Tiny 50sqm family home rises to the challenge

Michelet - L’atelier, Europe and South America

The Parisian aesthetic is often characterized by flamboyance, but the city is now embracing forward-thinking, practical solutions for urban family homes. Enter Michelet, a project by L’atelier, the first nomadic architecture studio with collaborative hubs across Europe and South America. Operating without a fixed office, Michelet brings together clients, architects, mentors, and inspiration to create innovative spaces like a 50sqm (538 sqft) family home in the heart of Paris that redefines tiny housing as adaptable, stylish, and balanced.

Drawing from their extensive experience in Paris, L’atelier identified common threads in the numerous projects they’ve undertaken in the area. They have been adept at negotiating for more space for growing families and transforming small spaces into chic micro-homes. Michelet’s story begins with a family—a couple and three children aged 18, 15, and 7—who approached L’atelier with a unique challenge.

L’atelier started by assessing the space to uncover its potential and limitations. They found that the apartment’s floor plan was nearly square, a layout that optimally utilizes space and enhances privacy. The entrance seamlessly merges with the living area, extending from the front to the back of the building, with the front section serving as a central point. Along this well-lit corridor, various subspaces are arranged, housing sleeping alcoves—one above the shared bathroom and the other accessible from the living room via a sleek staircase, adding a touch of playfulness.

The extensive use of pine wood paneling throughout the apartment enhances the natural light and lends a cohesive look to the smaller spaces like closets and desks. Hidden nooks like the reading corner in the living room, the wall-integrated desk in the dining area, and the concealed office space contribute to a sense of spaciousness for the family. Balancing the needs of five occupants in a limited space can be challenging, but Michelet demonstrates that minimalism and functionality can coexist harmoniously within a 50 sqm area.

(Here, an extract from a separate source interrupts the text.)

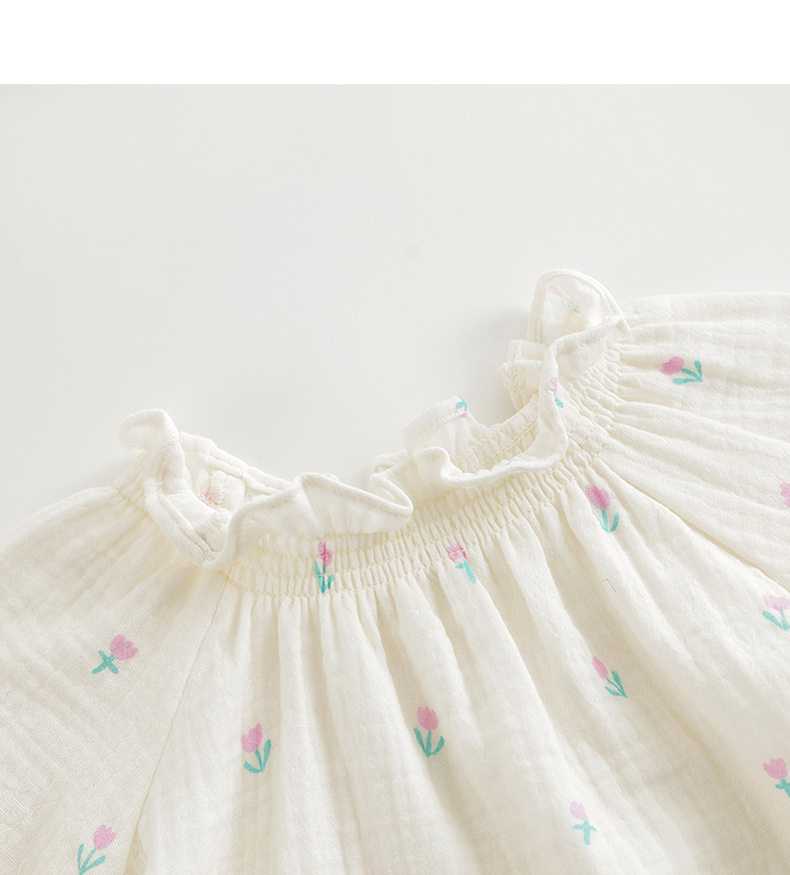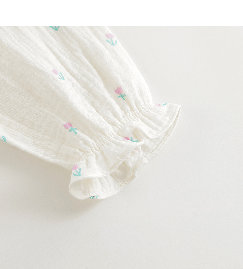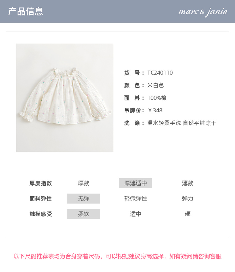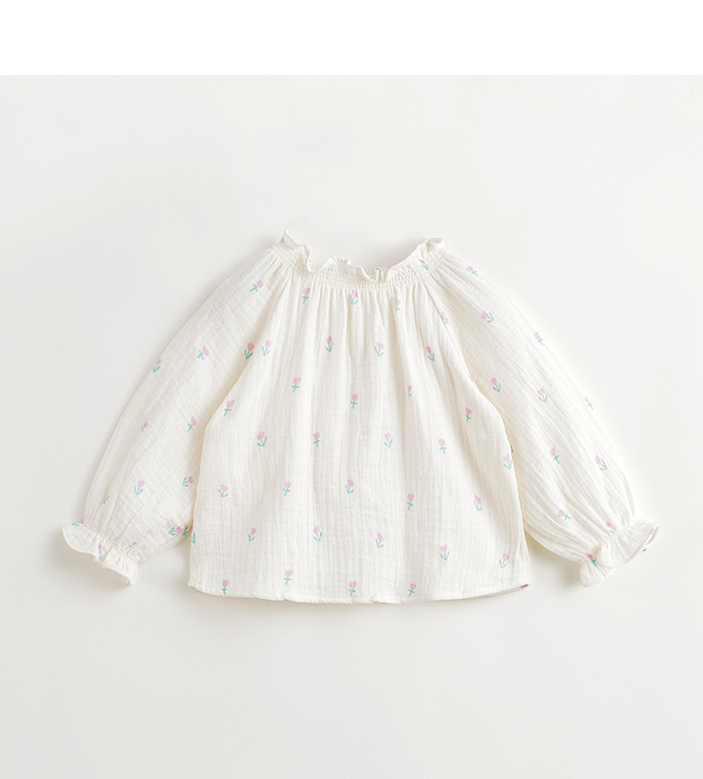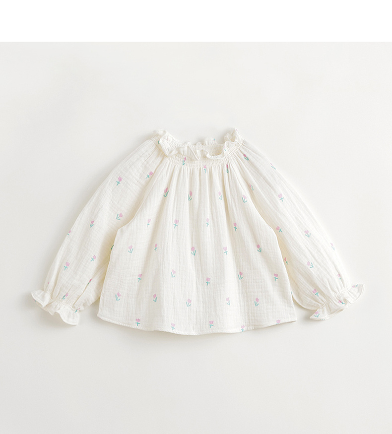 马克珍妮女童碎花满印花边立领衬衫儿童纯棉衬衣春装新款240110
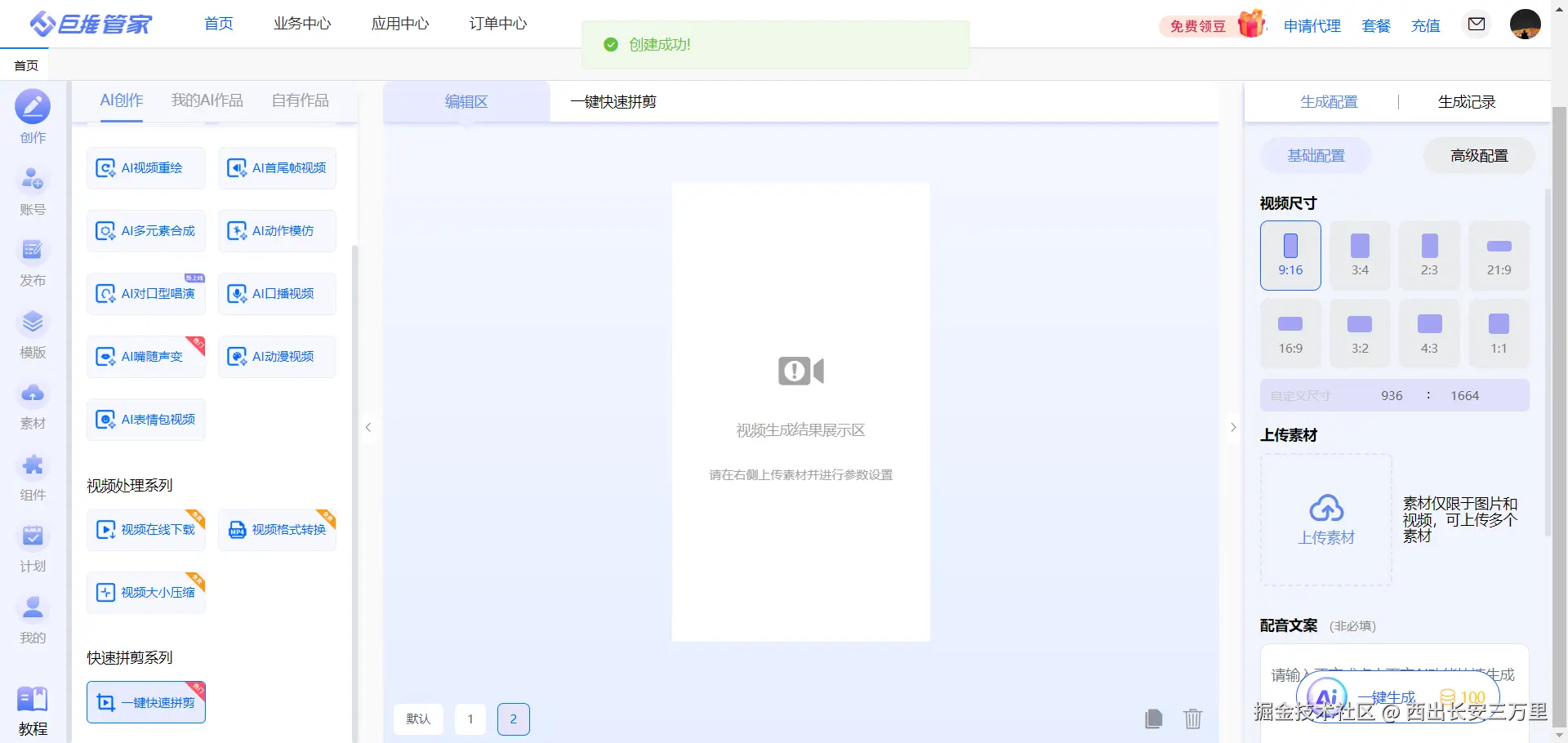 - 极简操作逻辑实时预览:生成过程中可调整画面亮度、对比度等参数免费版每天可生成6个高清视频,足以满足个人创作者需求

Learning to maximize space by creating compact vertical designs is a valuable takeaway for future micro-housing projects. It’s not just about the visible space but also what lies above you—inspiration can come from unexpected places. This approach is increasingly crucial in architecture and design, especially in the context of urban housing and density challenges. Michelet embodies adaptability, a key feature of the project. As the children grow and eventually move out, the rooms need to be flexible. The project is structured around three phases, incorporating movable partitions in the floor plan to conceal or reveal spaces as needed. In the next phase, as the eldest children depart, the parent’s bedroom wall will be removed to expand the living area, creating a more open space for guests. Finally, when the youngest child leaves, the two remaining bedrooms will be connected to form a private suite for the parents.

Michelet reflects a careful consideration of timing, materials, family dynamics, and architectural coherence, paying homage to the timeless Parisian buildings that surround it. It represents micro-living for a macro family, blending functionality with elegance and ensuring no compromises in design.